# The claim edge blocking and flat blocking doesn't matter because weapons get damaged......



## Bullsherdog (Feb 5, 2020)

For years the internet has taken John Clements belief that edge to edge parrying and blocking is BS because it damages the sword and its better to block with the flat of the sword because the sword gets damaged. Frequently pointed out is how Japanese styles use flat blocks rather than edge to edge blocking.

Now I know in recent years swordsmen, historians, and HEMAists such as Matt Easton are now calling BS on John Clement's claims because not only is there historical evidence of edge to edge defenses to the point even older schools of Japanese swordsmanship have texts showing it, but also because thesword will get damaged anyway and its much quicker and more convenient to block with the edge.

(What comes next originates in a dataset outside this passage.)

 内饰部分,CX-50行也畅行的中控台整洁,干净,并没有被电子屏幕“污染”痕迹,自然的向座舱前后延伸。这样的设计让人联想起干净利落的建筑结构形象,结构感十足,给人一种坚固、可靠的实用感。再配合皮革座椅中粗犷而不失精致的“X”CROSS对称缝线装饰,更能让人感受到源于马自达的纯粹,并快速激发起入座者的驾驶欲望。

I agree John Clement's claim is BS at least in regards that only the flat should be used in blocking. However I did an experiment recently. I have an Arabian Scimitar short sword and a machete. I had a friend swing the machete at me which I would attempt blocks and parrying with the Scimitar. Now I notice first of all blocking and parrying using the edge DIRECTLY DAMAGED the sword in as early as the first blow and by the time I was finished the sword was so damaged you can see the once smooth blade had big chips in it. Cutting items became much more difficult and attempting to cut wood and meat doesn't slice it evenly anymore. Instead you see a razor zig zagging result with the cut item and what would take a single slice before would take several because the blade gets stuck in the item.

Secondly blocking and parrying was so difficult. Not only did many machete hits directly break through my blade and contacted my body but even successful blocks felt like it took so much of my strength especially single hand wielding stances. In addition counter attacking was near impossible in edge-to-edge defenses even quick ones like poking and wide regular blows you'd throw if you weren't in clinching swords together were near impossible.

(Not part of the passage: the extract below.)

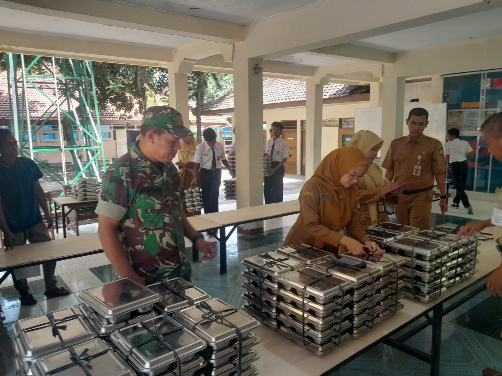 LCN – Surakarta, Babinsa Joyotakan Koramil 03/Serengan Kodim 0735/Surakarta Serka Sudiyono melaksanakan Pendampingan pendistribusian Makan Bergizi Gratis (MBG) di SMP Islam Bakti Jalan, Wahid Hasim Rt 03 Rw 01 Joyotakan Serengan Kota Surakarta, Kamis Pukul 10.00 Wib (27/11/2025)
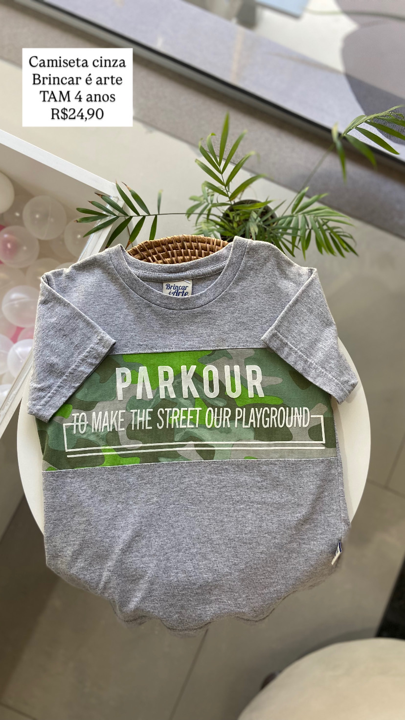 Camiseta Cinza Brincar é Arte Tamanho 4

Now I experimented with flat blocking. I was amazed how many hits it took to show any visible damage and even the visible damage wasn't chips or anything that would slightly affect sword usage but simply scratches and ruining the sword's painted art a little bit. In addition it was very easy to "redirect the opponent's force around esp back at them". By this I mean not only did it take minimal effort to block blows with a single hand but I felt it was easy to do further movements such as moving the sword in a circular movement so that you won't feel any impact from the hit. Going hand in hand with this because its so easy to direct the force counter attacks such as hitting with the hilt, slamming the flat on their face, and quick pokes were so so damn easy its ridiculous and I even found myself redirecting blows enough that my friend was wide open to regular wide sword swings. Even with I don't use force direction movements, it was pretty easy to tilt my friend to trip or something simply because blocking with the flat sent physics motion that made him unbalanced, even dropping the machete a few times. Without redirection, I can still easily counter attack with the flap by hitting with the cross guard or flap directly in a brute force push. When you add in using the second hand, it becomes easier done than said to do even advance techniques.

So I am wondering. With all the proponents about how the debate is useless and flat blocking shouldn't be used as primary defense because the sword will get damaged anyway and edge to edge is much quicker and easier to catch a blow in time, my experiment makes me skeptical of the recent counterarguments to Clement's conclusion. Trust me it took a single machete swing to chip my scimitar heavily and it was much easier using the flat for defenses than edge to edge defenses. It makes me think there's a lot of truth to Clement's statement and the recent HEMA experts who argue against it such as Matt Easton are wrong!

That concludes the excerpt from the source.